Search code examples
pythonpython-typingpython-dataclasses

How to type hint a dynamically-created dataclass


I hate writing things twice, so I came up with a decent way to not have to write things twice. However, this seems to break my type-hinting:

from enum import Enum
from dataclasses import make_dataclass, field, dataclass

class DatasetNames(Enum):
    test1 = "test1_string"
    test2 = "test2_string"
    test3 = "test3_string"

def get_path(s: str) -> str:
    return s + "_path"

# the normal way to do this, but I have to type every new dataset name twice
# and there's a lot of duplicate code
@dataclass(frozen=True)
class StaticDatasetPaths:
    test1 = get_path("test1_string")
    test2 = get_path("test2_string")
    test3 = get_path("test3_string")

# mypy recognizes that `StaticDatasetPaths` is a class
# mypy recognizes that `StaticDatasetPaths.test2` is a string
print(StaticDatasetPaths.test2) # 'test2_string_path'

# this is my way of doing it, without having to type every new dataset name twice and no duplicate code
DynamicDatasetPaths = make_dataclass(
    'DynamicDatasetPaths', 
    [
        (
            name.name,
            str,
            field(default=get_path(name.value))
        )
        for name in DatasetNames
    ],
    frozen=True
)

# mypy thinks `DynamicDatasetPaths` is a `variable` of type `type`
# mypy thinks that `DynamicDatasetPaths.test2` is an `function` of type `Unknown`
print(DynamicDatasetPaths.test2) # 'test2_string_path'

How can I let mypy know that DynamicDatasetPaths is a frozen dataclass whose attributes are strings?

Normally when I run into cases like this, I'm able to just use a cast and tell mypy what the right type is, but I don't know the correct type for "frozen dataclass whose attributes are strings".

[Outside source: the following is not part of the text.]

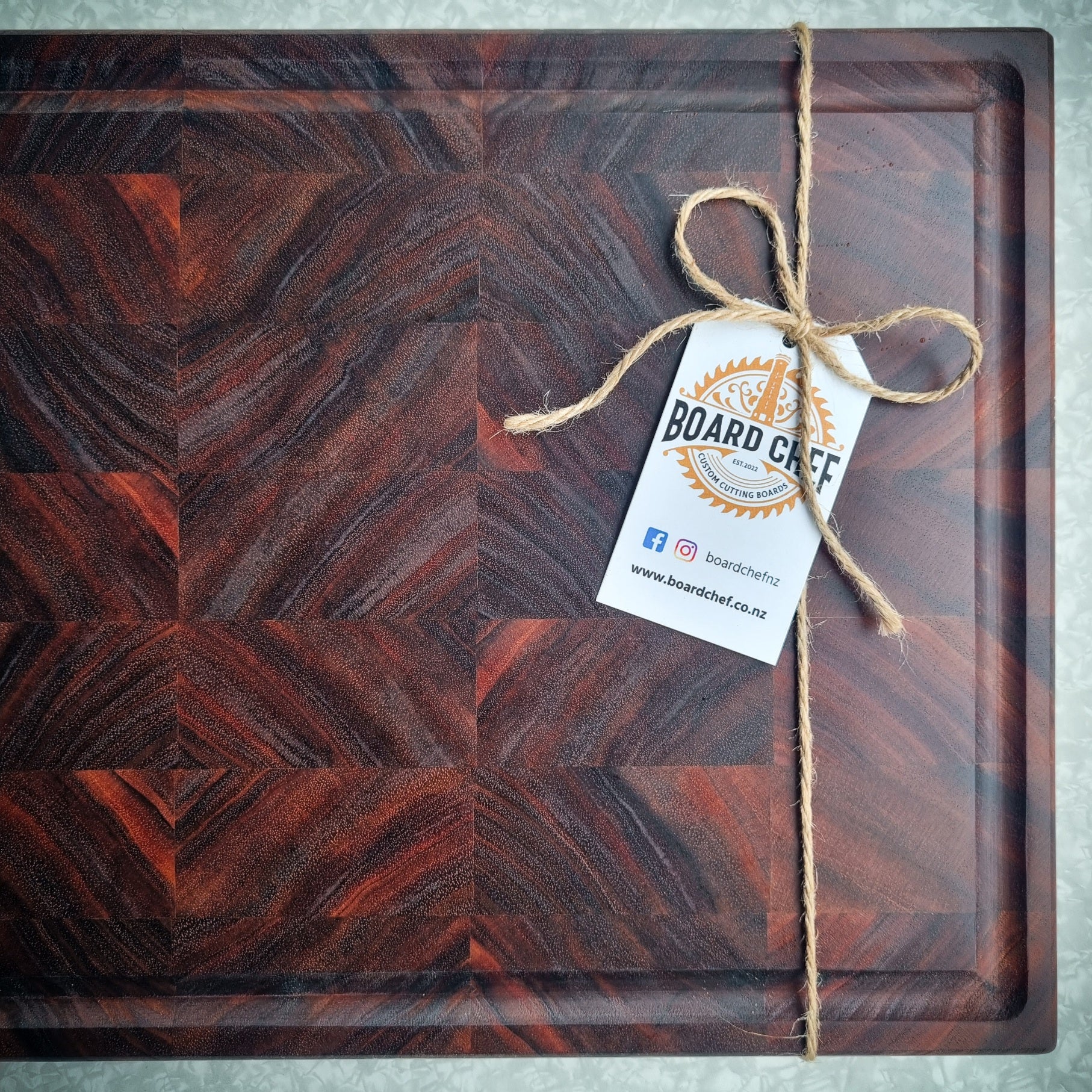 Crafted from NZ grown Tasmanian Blackwood, this end-grain chopping board showcases the perfect balance of strength, function, and natural beauty. Designed for those who appreciate fine craftsmanship, this board combines durability with the unmistakable warmth and depth of one of Australasia’s most sought-after hardwoods.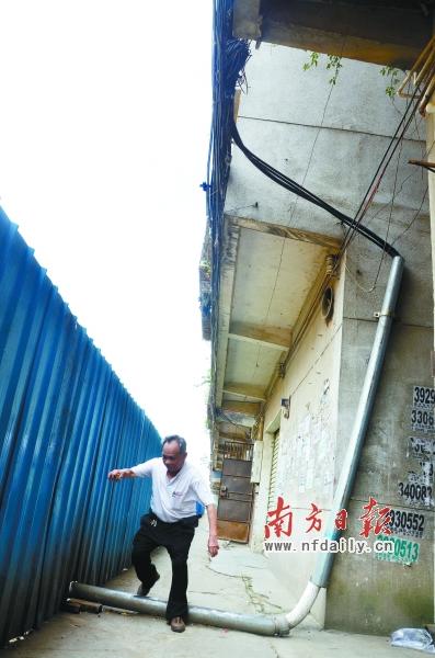 除了对居民的生活造成诸多不便外,铁皮围巷还潜在许多不安全因素,对当地居民的生活造成威胁。记者在现场看到,道路上不时有电线垂落下来,悬挂在行人头顶,十分危险。在该巷其中一处地方,电线甚至用一根直径约5厘米的水龙管包住,从地面上经过,一直延伸到工地处,路人或是开车者稍不注意,就容易被绊倒。

(Also, if there's a better way in general to not have the duplicate code, I'd be happy to hear about that as well.)


Solution

  • A data class is meant to create instances. Since you are not instantiating the data class but instead accessing test1, test2, etc. as class attributes, you don't really need a data class at all, but can simply make path a property of the Enum class instead. And since all the members of your Enum class have string values, you can make it a StrEnum class instead for easier string operations:

    from enum import StrEnum
    
    class DatasetNames(StrEnum):
        test1 = "test1_string"
        test2 = "test2_string"
        test3 = "test3_string"
    
        @property
        def path(self) -> str:
            return self + '_path'
    
    print(DatasetNames.test2.path) # outputs test2_string_path
    

    If the get_path function is expensive in your actual use case, consider making path a cached_property instead.